- [Goal of the exercise]: Down to the last line of the listing, starting at the one with "This elegant deer", retype each line exactly. Do not copy the pictures.

- [Given data]:
================
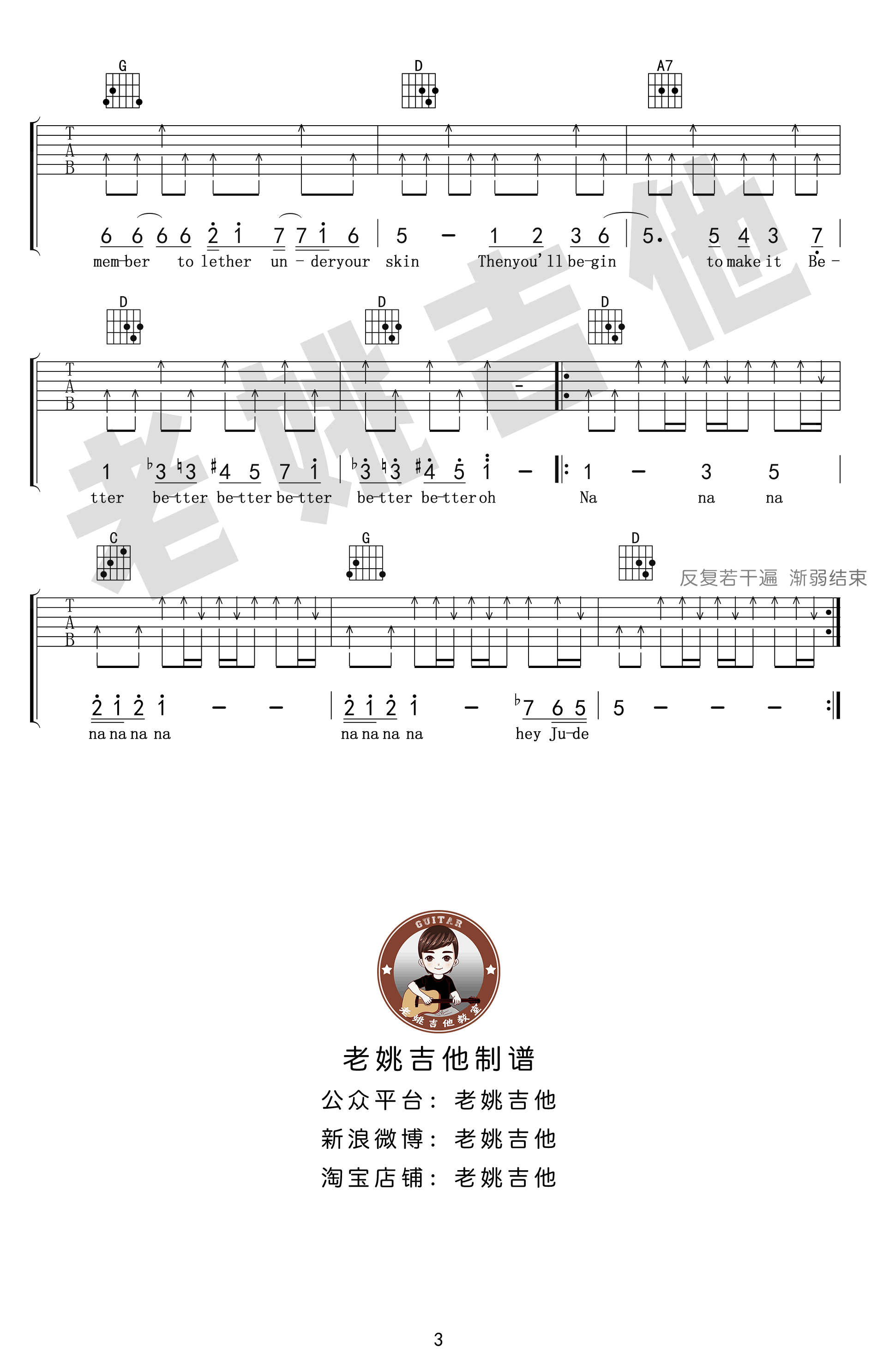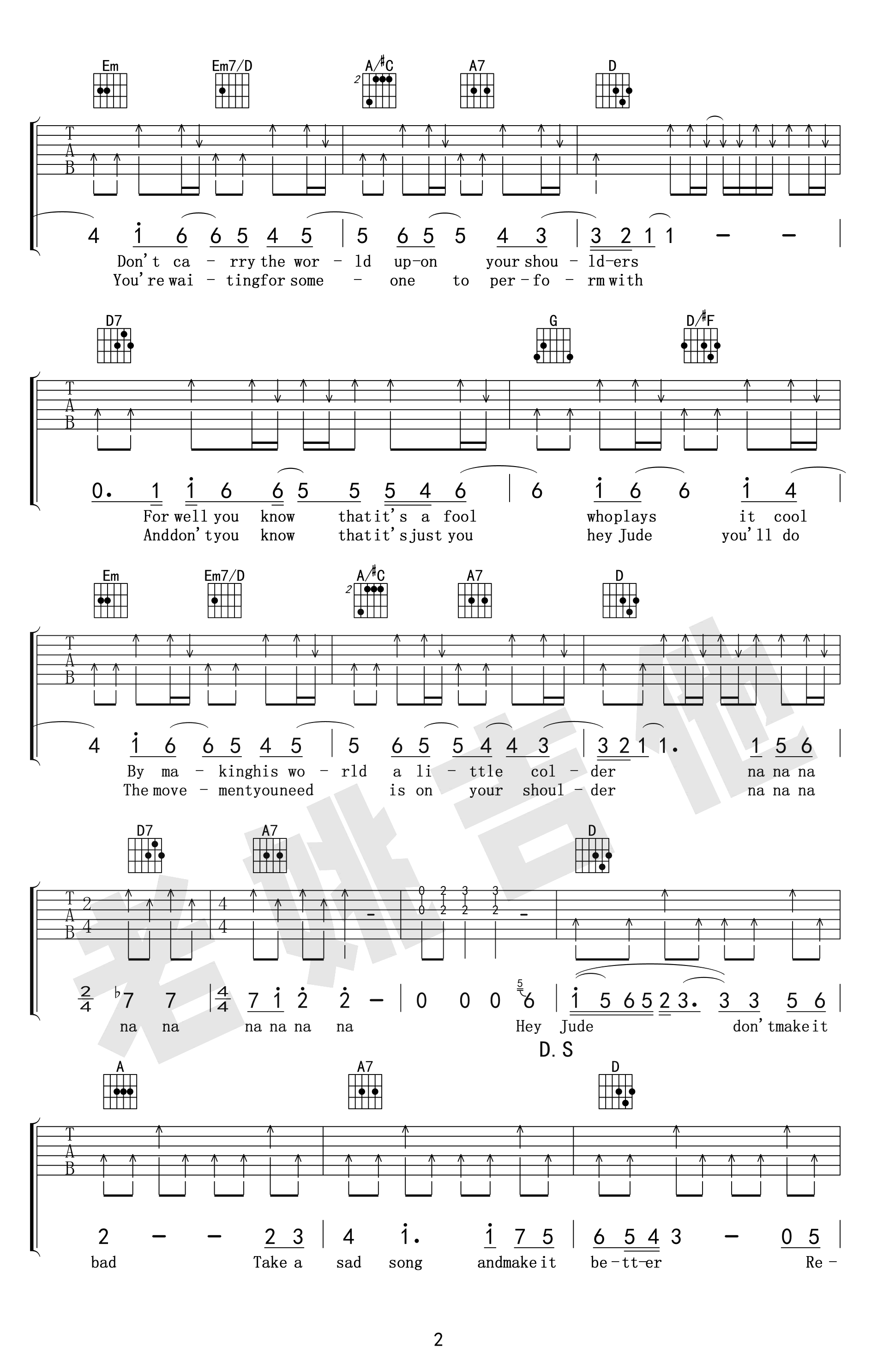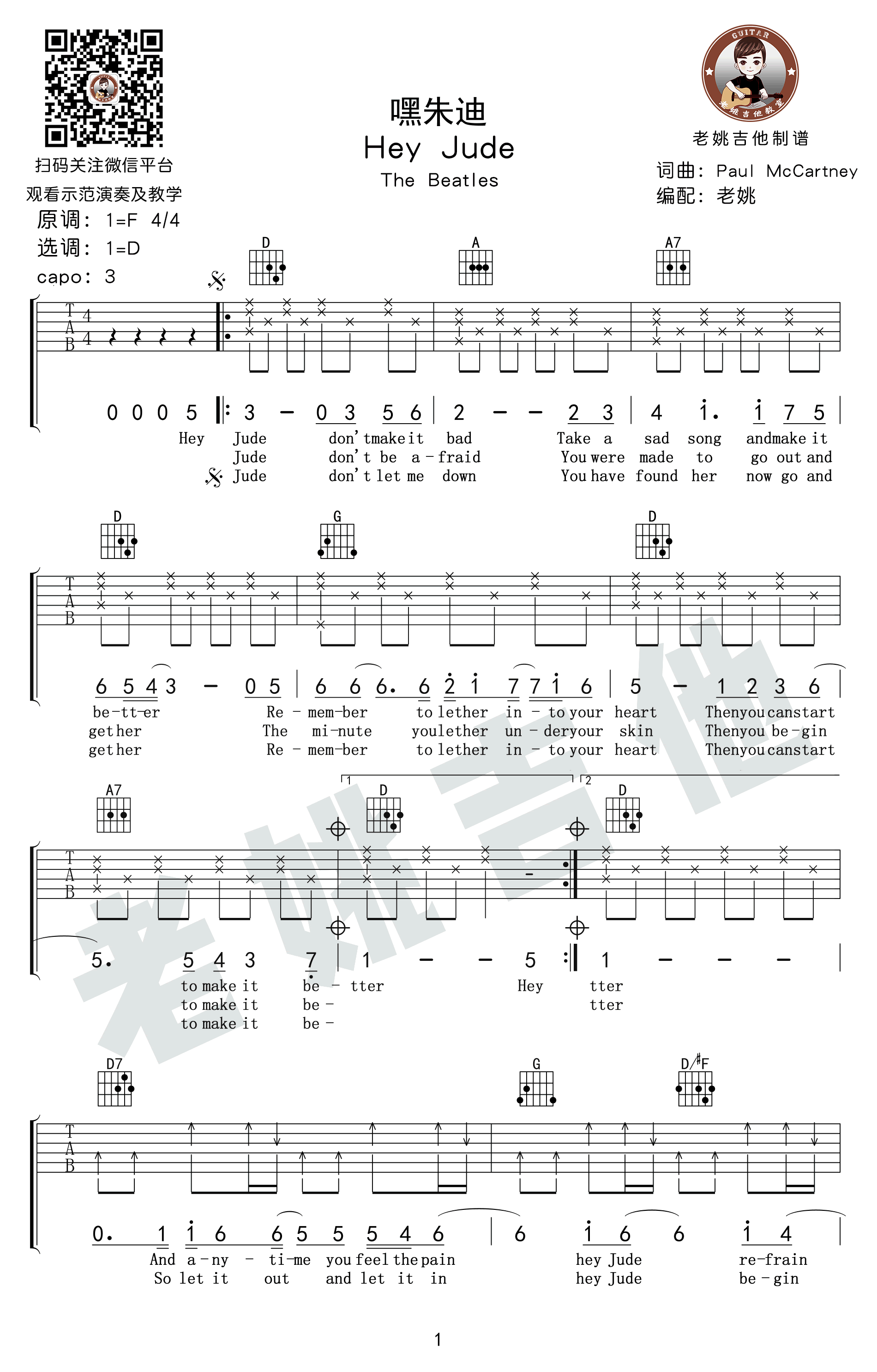 Hey Jude吉他谱,披头士乐队成员保罗·麦卡特尼创作的一首传奇式的经典英文歌曲,Hey Jude六线谱,原调F,选用D调指法,Capo夹三品,高清弹唱图片谱,感谢老姚吉他编配出品,随谱附上歌曲配套吉他弹唱教学视频。这首传世之作是The Beatles(甲壳虫乐队)所有作品里被众人合唱次数最多的一首,从低吟到呼喊,每次总能让人听得起鸡皮疙瘩。人生不如意十之八九,但你仍需相信,这个世界会变得更美好。充满阳光与希望的歌曲送给吉他吧所有琴友们。
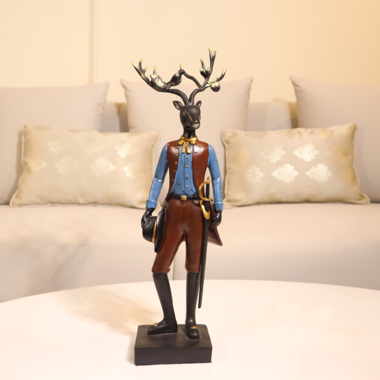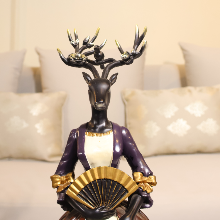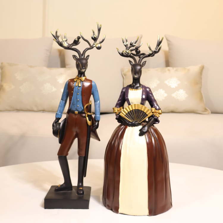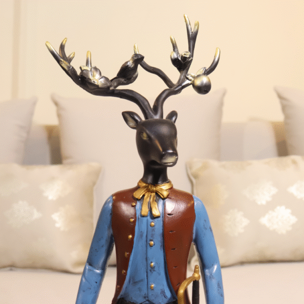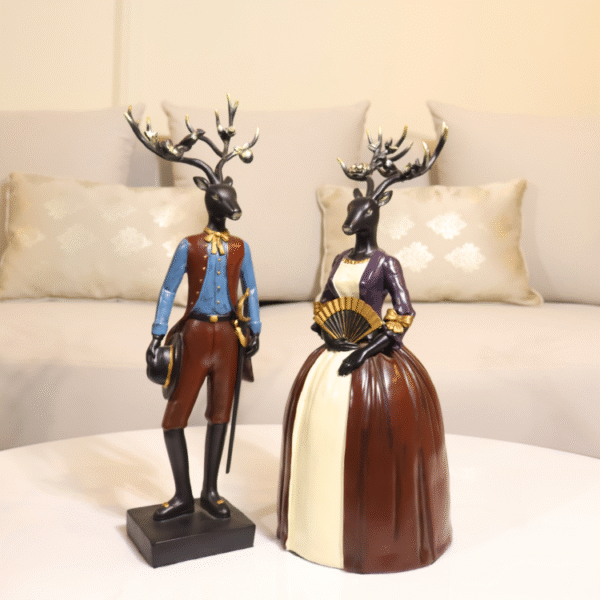 This elegant deer couple sculpture blends historical charm with whimsical detail. Dressed in vintage attire and adorned with birds on antlers, it’s a captivating decor piece that celebrates artistry, storytelling, and imaginative design.
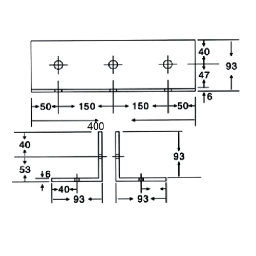 Grapa de soporte para contrafuertes de vidrio de 400 mm. satinada.
================
- [Written response]:
 This elegant deer couple sculpture blends historical charm with whimsical detail. Dressed in vintage attire and adorned with birds on antlers, it’s a captivating decor piece that celebrates artistry, storytelling, and imaginative design.
 Grapa de soporte para contrafuertes de vidrio de 400 mm. satinada.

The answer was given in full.